Abstract
The James Webb Space Telescope (JWST) will enable the detection of optical
emission lines in galaxies spanning a broad range of luminosities out to
redshifts z > 10. Measurements of key galaxy properties, such as star formation
rate and metallicity, through these observations will provide unique insight
into, e.g., the role of feedback from stars and active galactic nuclei (AGNs)
in regulating galaxy evolution, the co-evolution of AGNs and host galaxies, the
physical origin of the "main sequence" of star-forming galaxies and the
contribution by star-forming galaxies to cosmic reionization.
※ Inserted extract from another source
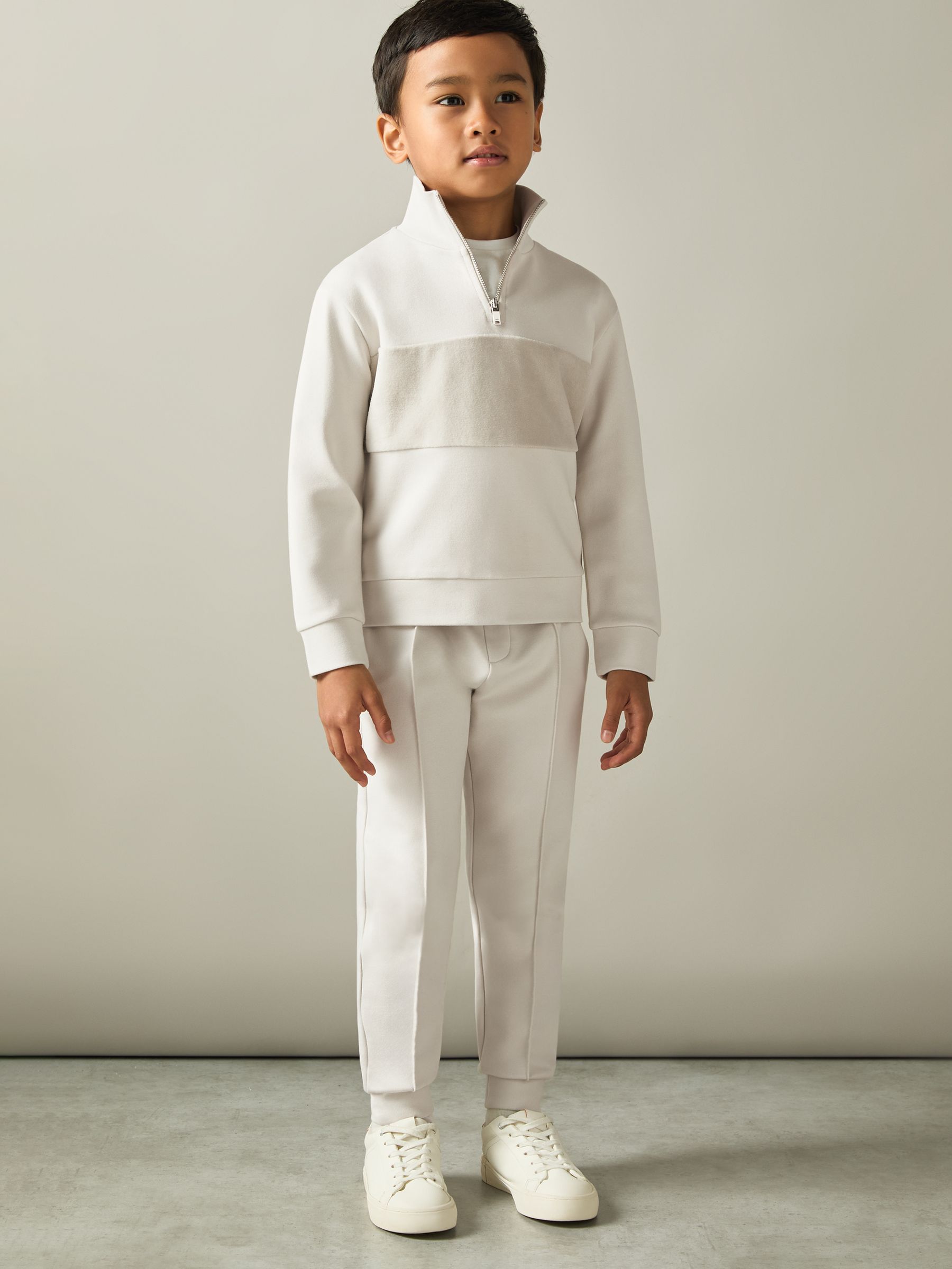 9-13 yrs Slim Fit Half-Zip Funnel Neck Velour Sweatshirt in Taupe

We present an
original framework to simulate and analyse observations performed with the Near
Infrared Spectrograph (NIRSpec) on board JWST. We use the beagle tool (BayEsian
Analysis of GaLaxy sEds) to build a semi-empirical catalogue of galaxy spectra
based on photometric spectral energy distributions (SEDs) of dropout galaxies
in the Hubble Ultra Deep Field (HUDF). We demonstrate that the resulting
catalogue of galaxy spectra satisfies different types of observational
constraints on high-redshift galaxies, and use it as input to simulate
NIRSpec/prism (R~100) observations. We show that a single "deep" (~100 ks)
NIRSpec/prism pointing in the HUDF will enable S/N > 3 detections of multiple
optical emission lines in ~30 (~60) galaxies at z > 6 (z~ 4-6) down to F160W <
30 mag AB. Such observations will allow measurements of galaxy star formation
rates, ionization parameters and gas-phase metallicities within factors of 1.5,
mass-to-light ratios within a factor of 2, galaxy ages within a factor of 3 and
V-band attenuation optical depths with a precision of 0.3.